Stored items:
BEGIN
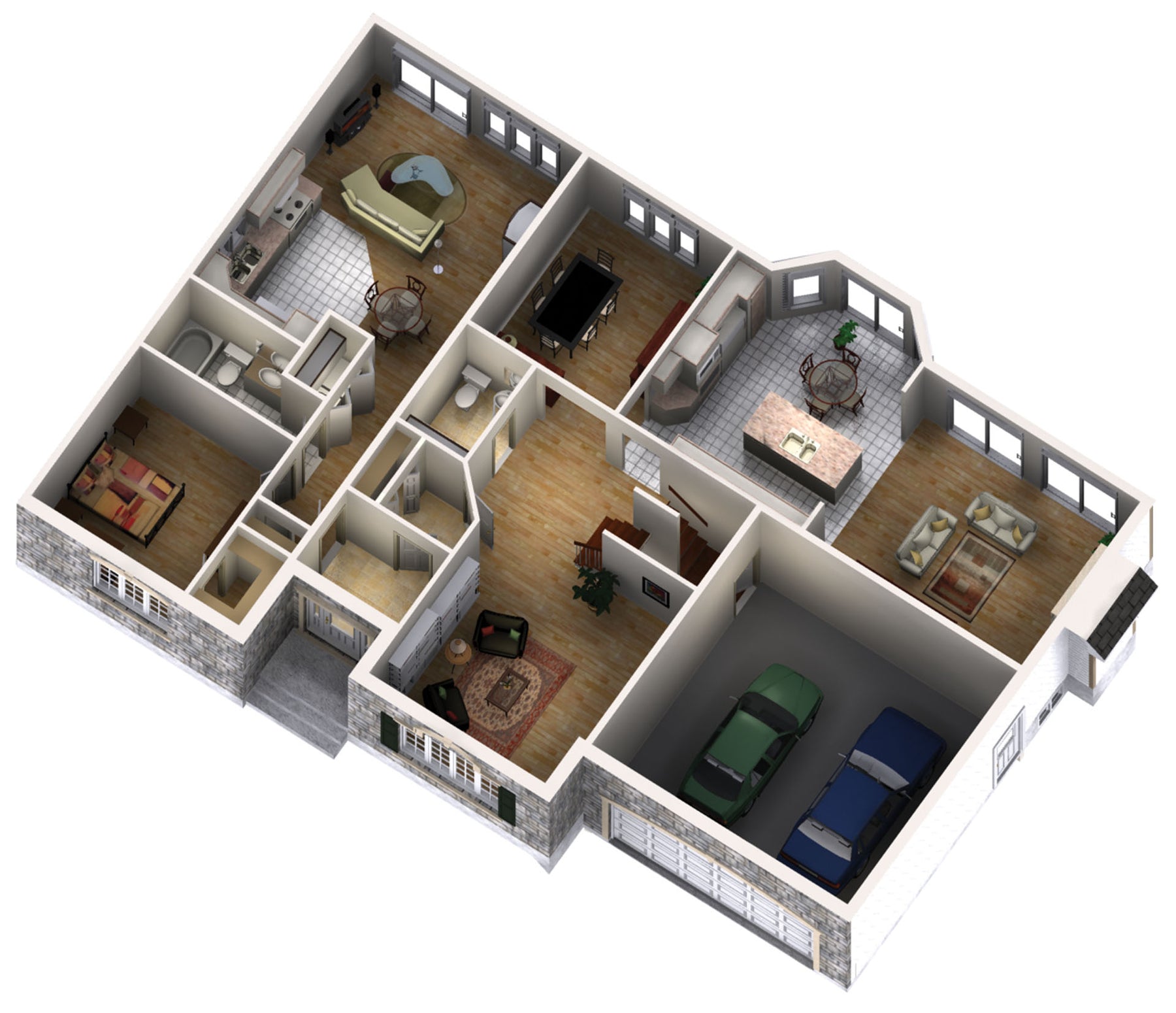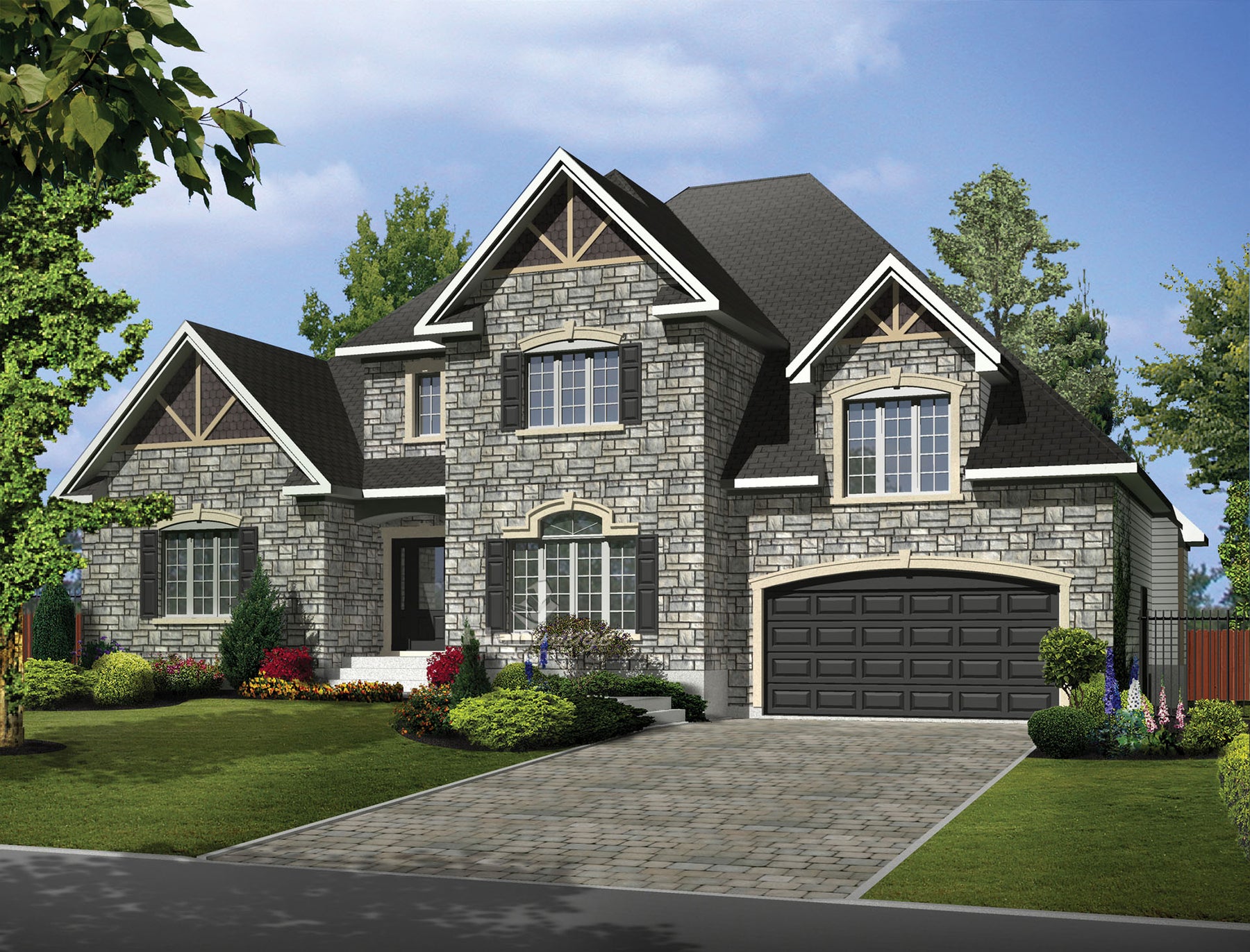 This prestigious 3,493 square foot multigenerational house stands out with its stone facing and fish scale detailing. The two-storey home is 62 feet wide by 42 feet deep and also has a 441 square foot two-car garage with a side door. Both dwelling units share a common front entrance.
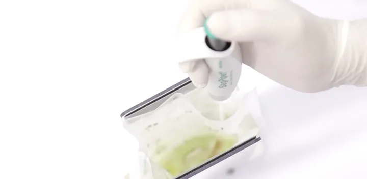 BagPipetは、食品・環境分析やパブリックリサーチでの微生物分析に使用されています。病原体研究のためのサンプルプーリングや二次増菌の際のピペティング時のクロスコンタミネーションを防止します。
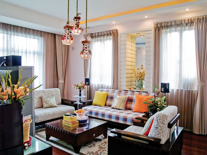 辅助照明泛指立灯、壁灯、台灯等尺寸较小的灯具,能够加强光线的层次感。壁灯大多安装在门厅、走廊等部位,主要起引导作用。使用造型独特的壁灯装饰角落也会别有一番雅趣。立灯(落地灯)也是经常使用的辅助照明,立灯直接向下投射,适合阅读等需要精神集中的活动。如果是间接照明,可以交互搭配出不同的光线变化。使用立灯时需要考虑客厅的高度,如果过低,光线只能集中在局部区域,会使人感到光线过亮。立灯具有移动方便的优点,能够很好地营造出角落气氛,并且十分实用。
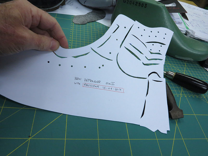The card section patterns are used to cut the leather or fabric pieces for the boot upper. Sample revisions are made and revised uppers are cut many times. This process is repeated until the bootmaker is happy with the sample size of new boot.
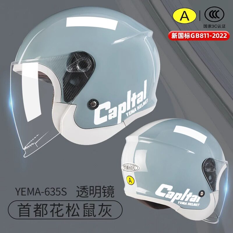 野马3c认证电动车头盔男女通用摩托车安全盔冬季保暖四季通用半盔 均码 首都松鼠灰+〖透明镜〗
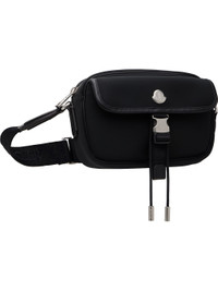 Taffeta shoulder bag in black. · Buffed leather trim throughout · Adjustable logo-woven webbing crossbody strap · Logo plaque and flap pocket at face · Zip closure · Zip pocket at interior · Moire lining · Logo-engraved silver-tone hardware · H5.5" x W7.5" x D2" Supplier color: Black Body: 100% polyester. Lining: 100% polyamide. Made in Italy 251111F045000
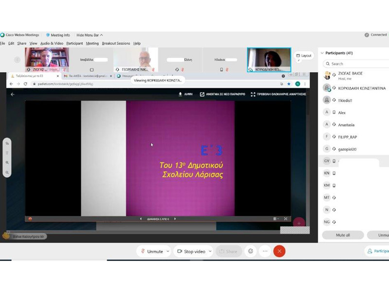 Την Παρασκευή 19 Μαρτίου πραγματοποιήθηκε η 1η τηλεδιάσκεψη γνωριμίας των δύο σχολείων, του 2ου Δημοτικού Σχολείου Τυρνάβου και του 13ου Δημοτικού Σχολείου Λάρισας. Συμμετείχαν οι μαθητές της ΣΤ τάξηςκαι του Ε3 αντίστοιχα, οι εκπαιδευτικοί Βάιος Ζιώγας, Κωνσταντίνα Κορκιδάκη και Νικόλαος Γεωργάκη, οι διευθυντές Ναυσικά Κουλαξίδου και Αστέριος Σίμος. Η πρώτη ψηφιακή συνάντηση των μικρών συνοδοιπόρων έγινε μέσα σε κλίμα ενθουσιασμού και αισιοδοξίας!
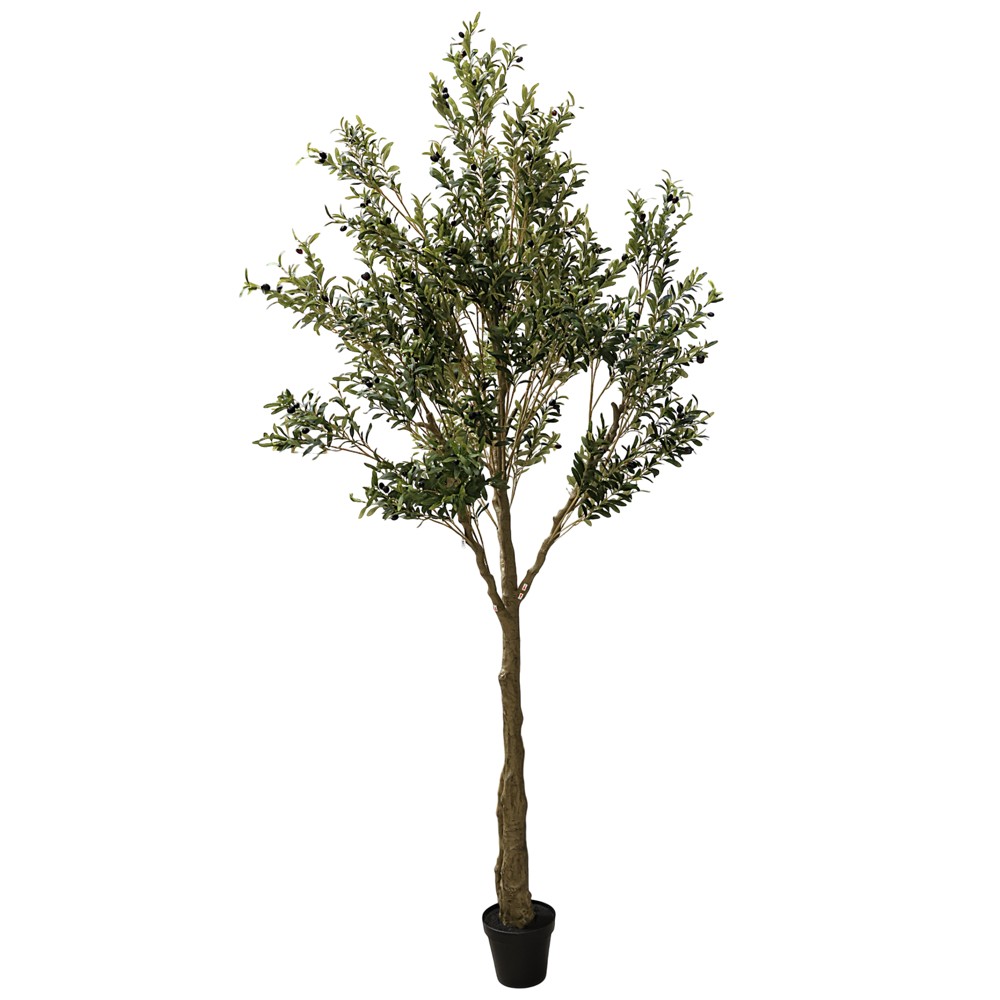Një zgjedhje që sjell freski dhe stil në çdo ambient, kjo pemë artificiale ulliri është realizuar me kujdes për të imituar në mënyrë sa më reale pamjen e një ulliri të vërtetë. Me gjethe në nuanca jeshile, ajo qëndron mbi një vazo moderne në ngjyrë të zezë dhe arrin një lartësi prej 300 centimetra. Një aksesor elegant dhe që ska nevojë për mirëmbajtje, i cili përshtatet lehtësisht si në hapësira të brendshme ashtu edhe të jashtme, duke i dhënë çdo këndi një atmosferë të qetë dhe natyrale.
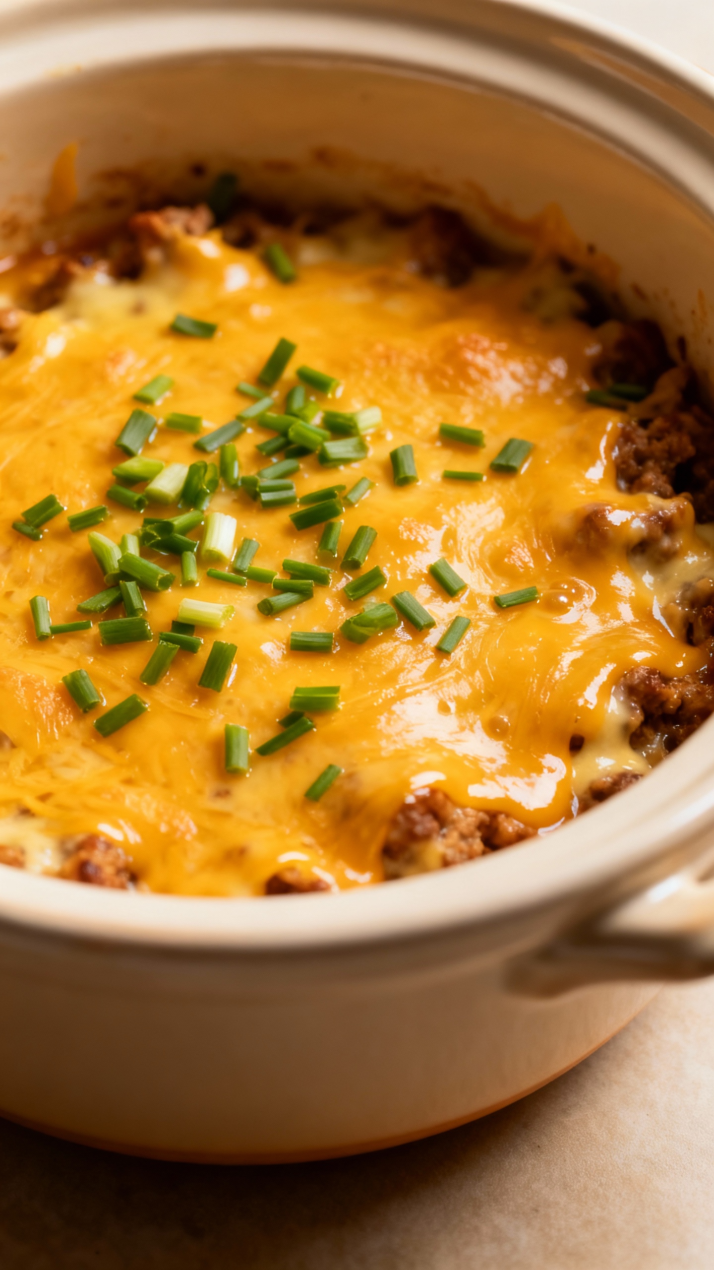 - Pour into the slow cooker and smooth the top. Add cheese on top if you’re into it.
END
### Try it
Nothing but the pictures is to be left out; repeat the data exactly.

### Reply
 This prestigious 3,493 square foot multigenerational house stands out with its stone facing and fish scale detailing. The two-storey home is 62 feet wide by 42 feet deep and also has a 441 square foot two-car garage with a side door. Both dwelling units share a common front entrance.
 BagPipetは、食品・環境分析やパブリックリサーチでの微生物分析に使用されています。病原体研究のためのサンプルプーリングや二次増菌の際のピペティング時のクロスコンタミネーションを防止します。
 辅助照明泛指立灯、壁灯、台灯等尺寸较小的灯具,能够加强光线的层次感。壁灯大多安装在门厅、走廊等部位,主要起引导作用。使用造型独特的壁灯装饰角落也会别有一番雅趣。立灯(落地灯)也是经常使用的辅助照明,立灯直接向下投射,适合阅读等需要精神集中的活动。如果是间接照明,可以交互搭配出不同的光线变化。使用立灯时需要考虑客厅的高度,如果过低,光线只能集中在局部区域,会使人感到光线过亮。立灯具有移动方便的优点,能够很好地营造出角落气氛,并且十分实用。
The card section patterns are used to cut the leather or fabric pieces for the boot upper. Sample revisions are made and revised uppers are cut many times. This process is repeated until the bootmaker is happy with the sample size of new boot.
 野马3c认证电动车头盔男女通用摩托车安全盔冬季保暖四季通用半盔 均码 首都松鼠灰+〖透明镜〗
 Taffeta shoulder bag in black. · Buffed leather trim throughout · Adjustable logo-woven webbing crossbody strap · Logo plaque and flap pocket at face · Zip closure · Zip pocket at interior · Moire lining · Logo-engraved silver-tone hardware · H5.5" x W7.5" x D2" Supplier color: Black Body: 100% polyester. Lining: 100% polyamide. Made in Italy 251111F045000
 Την Παρασκευή 19 Μαρτίου πραγματοποιήθηκε η 1η τηλεδιάσκεψη γνωριμίας των δύο σχολείων, του 2ου Δημοτικού Σχολείου Τυρνάβου και του 13ου Δημοτικού Σχολείου Λάρισας. Συμμετείχαν οι μαθητές της ΣΤ τάξηςκαι του Ε3 αντίστοιχα, οι εκπαιδευτικοί Βάιος Ζιώγας, Κωνσταντίνα Κορκιδάκη και Νικόλαος Γεωργάκη, οι διευθυντές Ναυσικά Κουλαξίδου και Αστέριος Σίμος. Η πρώτη ψηφιακή συνάντηση των μικρών συνοδοιπόρων έγινε μέσα σε κλίμα ενθουσιασμού και αισιοδοξίας!
Një zgjedhje që sjell freski dhe stil në çdo ambient, kjo pemë artificiale ulliri është realizuar me kujdes për të imituar në mënyrë sa më reale pamjen e një ulliri të vërtetë. Me gjethe në nuanca jeshile, ajo qëndron mbi një vazo moderne në ngjyrë të zezë dhe arrin një lartësi prej 300 centimetra. Një aksesor elegant dhe që ska nevojë për mirëmbajtje, i cili përshtatet lehtësisht si në hapësira të brendshme ashtu edhe të jashtme, duke i dhënë çdo këndi një atmosferë të qetë dhe natyrale.
 - Pour into the slow cooker and smooth the top. Add cheese on top if you’re into it.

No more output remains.